New framework for investors designed to complement TNFD.
New guidance from the Finance for Biodiversity (F4B) initiative encourages institutional investors to give equal weight to climate and nature-related factors in their portfolio assessments and reporting.
F4B launched its net zero transition framework to help asset owners and other financial institutions adopt a fully integrated approach to climate and nature risks and impacts.
The framework builds on existing climate reporting guidelines, like the Task Force on Climate-related Financial Disclosure (TCFD), to demonstrate how nature-based factors can be incorporated. It covers five components: concepts and language, transmission channels from risk to value, approach to uncertainty, climate-nature interaction efforts, and aggregation. Integration will reduce “mispricing risks and opportunities” and help to drive financial performance, F4B said.
“The climate and nature systems are deeply interconnected. One cannot accurately assess climate-related risks without considering nature. Equally, one cannot accurately assess nature-related risks without considering climate,” the report added.
A number of nature-related issues caused by climate change – such as desertification and ocean acidification – were recently highlighted in the latest report by the Intergovernmental Panel on Climate Change (IPCC).
“We know investors are going to want assessment and reporting solutions at the climate-nature nexus in the future,” Simon Zadek, F4B Chair, told ESG Investor. “We didn’t want to sit on our hands, but are instead looking to get that discussion started now.”
Corporate use of voluntary carbon markets (VCMs) to offset carbon emissions is an example of the need to measure climate and nature-related risks in tandem, said Zadek.
“The quality and effectiveness of purchased carbon credits depends on the credibility and sustainability of the nature-related projects producing those credits,” he noted.
The F4B framework has been designed for financial institutions, but it can also be adopted by corporates looking to disclose a broader range of environmental risks and impacts.
Zadek said updates and amendments will be made to the framework according to users’ experience and feedback.
The new framework follows a 2021 F4B report which outlined how climate-nature interactions will determine the attractiveness of prospective investments in the future.

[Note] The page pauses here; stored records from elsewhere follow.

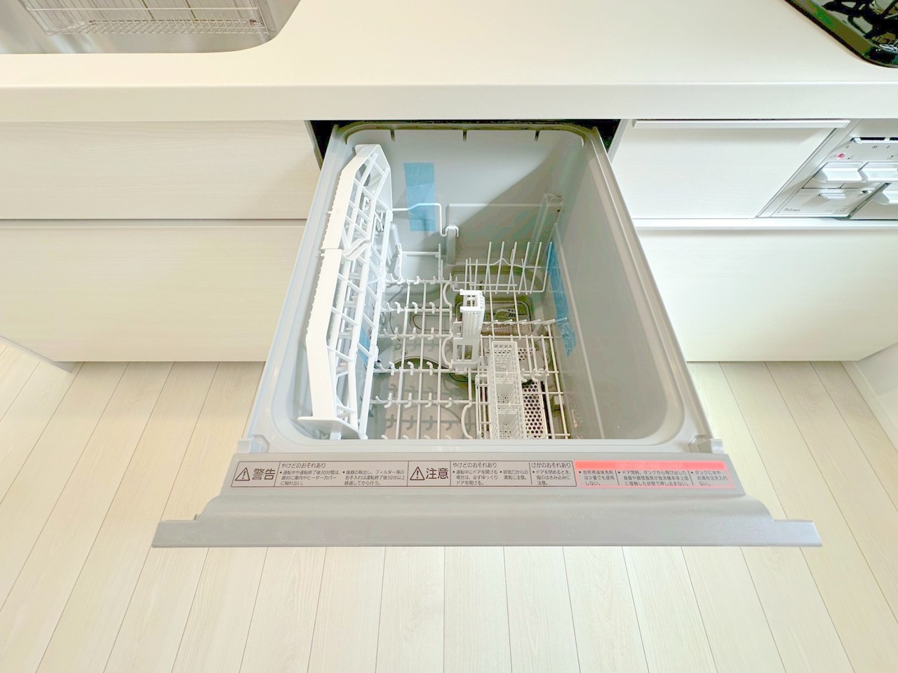 リビングにいる家族とコミュニケーションをとりながら作業が出来る人気のカウンターキッチン。お子様がリビングにいても目が届くので安心です。
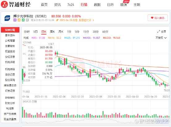 截至5月5日收盘,舜宇光学科技(02382)股价为80.55港元,已经连续半个月处于下跌通道。目前公司股价已经回落到2022年11月、疫情防控全面放开前的水平,这半年时间来的涨涨跌跌可以说“涨了个寂寞”。
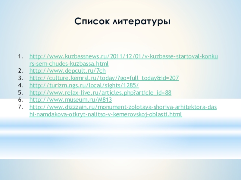 http://www.kuzbassnews.ru/2011/12/01/v-kuzbasse-startoval-konkurs-sem-chudes-kuzbassa.htmlhttp://www.depcult.ru/7chhttp://culture.kemrsl.ru/today/?go=full_today&id=207http://turizm.ngs.ru/local/sights/1285/http://www.relax-live.ru/articles.php?article_id=88http://www.museum.ru/M813http://www.dizzzain.ru/monument-zolotaya-shoriya-arhitektora-dashi-namdakova-otkryt-nalitso-v-kemerovskoj-oblasti.htmlСписок литературы
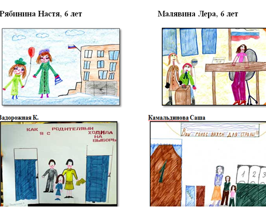 Впрочем, лучше всего отразят представления детей о выборах их рисунки на тему «Как я ходил с родителями на выборы».
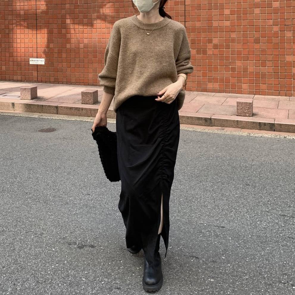 【秋編】太って見えないニットコーデ⑤ブラウンニット×黒スカート
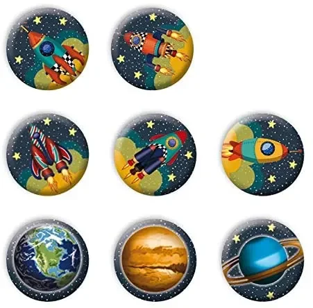 Tolles Mitgebsel auf dem Weltraumgeburtstag: Spannende Buttons zum Thema Weltraum und Planeten. Packung mit 8 Weltraum-Buttons, Durchmesser 2,5cm.
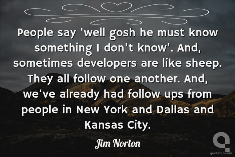 People say 'well gosh he must know something I don't know'. And, sometimes developers are like sheep. They all follow one another. And, we've already had follow ups from people in New York and Dallas and Kansas City.
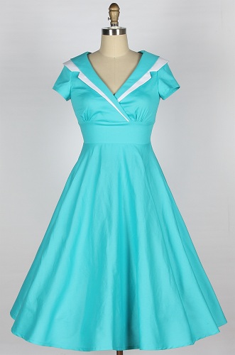 A vintage and classic style dress is the one with the wing collar. This shows the collar that starts at the front and has a flap at the back. It is usually edged with a contrasting material. This makes the dress quite classic and you will feel great in it. The flare of the skirt is full and looks good.
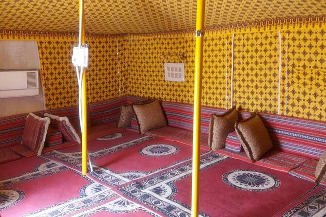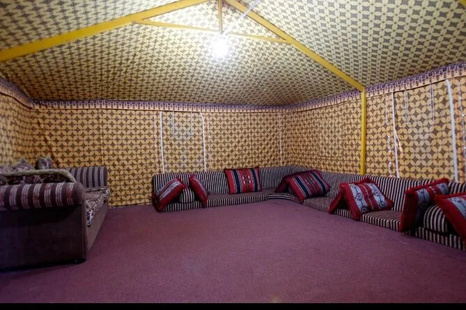 Sim, há um passeio curto de camelo no acampamento beduíno por um custo extra de 20 riais do Qatar (QR).
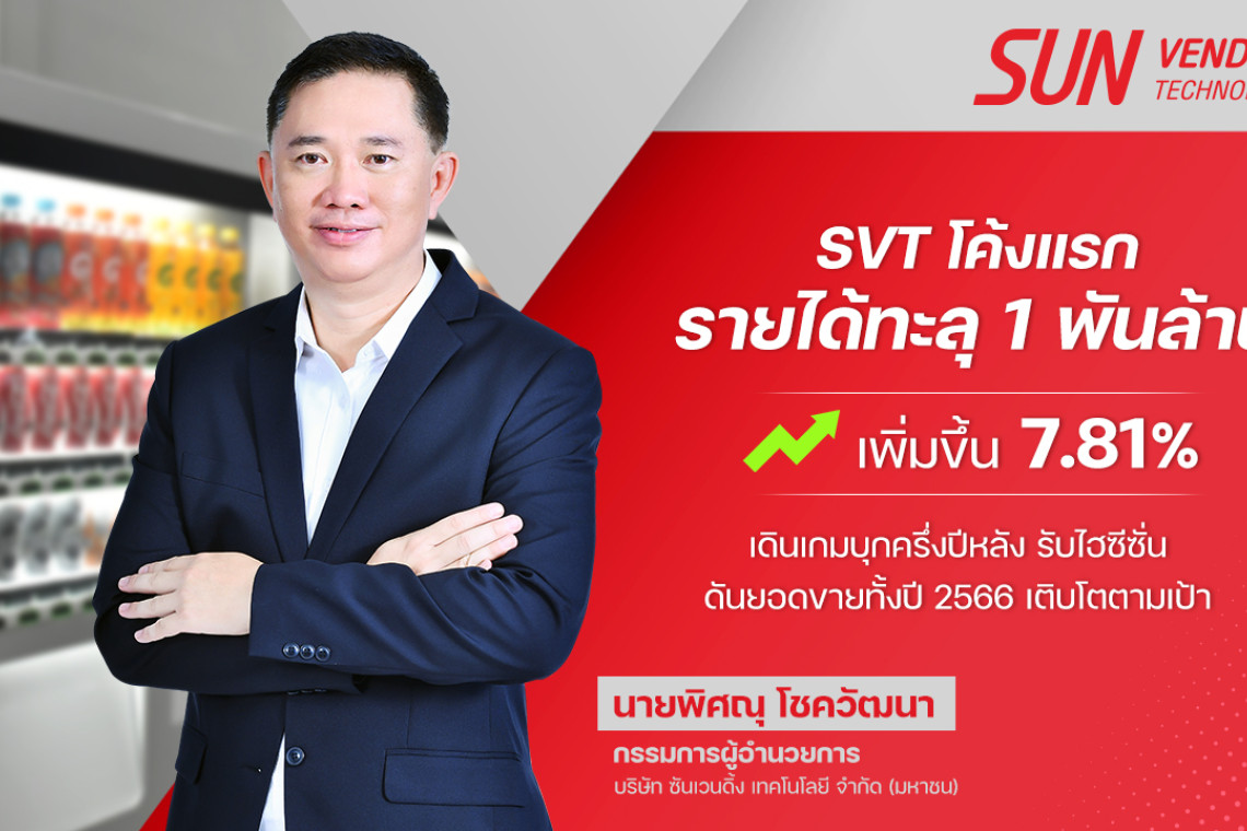 นายพิศณุ โชควัฒนา กรรมการผู้อำนวยการ บริษัท ซันเวนดิ้ง เทคโนโลยี จำกัด (มหาชน) หรือ SVT ผู้ประกอบธุรกิจค้าปลีกขายสินค้าผ่านเครื่องจำหน่ายสินค้าอัตโนมัติและขายเครื่องจำหน่ายสินค้าอัตโนมัติ (Vending Machine) เปิดเผยว่า ภาพรวมผลการดำเนินงานไตรมาส 2/2566 บริษัทฯ มีรายได้รวม 585.04 ล้านบาท เพิ่มขึ้น 6.90% จากช่วงเดียวกันของปีก่อน และกำไรสุทธิ 14.78 ล้านบาท

The F4B initiative was established in October 2019 to increase the materiality of biodiversity in financial decision-making and better align global finance with nature conservation and restoration.
Complementary to TNFD
The F4B framework has been developed to complement the Task Force on Nature-related Financial Disclosure’s (TNFD) upcoming guidance, Zadek said. TNFD’s draft framework is expected to be published next week.
“The F4B framework is intended as a contribution to TNFD’s next phase of work, which will look at scenarios and transition pathways, as well as the links between nature and climate,” Zadek noted.
Mirroring the TCFD’s four pillars for reporting and aligning with the United Nations Convention on Biodiversity’s (CBD) draft Global Biodiversity Framework (GBF), it is expected that TNFD recommendations will be incorporated into the disclosure standards of existing sustainability standards bodies and written into national law by governments.
More than 1,000 companies globally, with revenues of US$4.7 trillion, have called on governments to adopt policies to reverse nature loss.
In a separate statement, ten of the world’s largest accountancy institutes recently committed to six key actions, including understanding how their organisations and clients impact and rely on nature, and providing sound advice and services that have a positive effect on nature.
Alongside co-constructing the EU sustainability reporting standards (ESRSs), the European Financial Reporting Advisory Group (EFRAG) and sustainable disclosure body the Global Reporting Initiative (GRI) are further collaborating on the development of biodiversity standards. EFRAG is expected to submit a draft to the European Commission (EC) by June.
The United Nations Environment Programme Finance Initiative (UNEP FI) has also recently launched a science-based toolkit to help banks, insurers and investors align their decision-making with supporting ocean health. It addresses issues concerning solid waste pollution and coastal infrastructure projects.
“Biodiversity is increasingly on the agendas of financial institutions, not only for its contribution to climate change mitigation and adaption, but because it underpins all economic activities and human wellbeing,” said Jan Erik Saugestad, CEO at Storebrand Asset Management.
“There is an urgent need to approach the transition to both a net-zero and nature positive world in an integrated way. Failure to do this will mean the financial sector mispricing risks and opportunities, and incorrectly valuing assets.”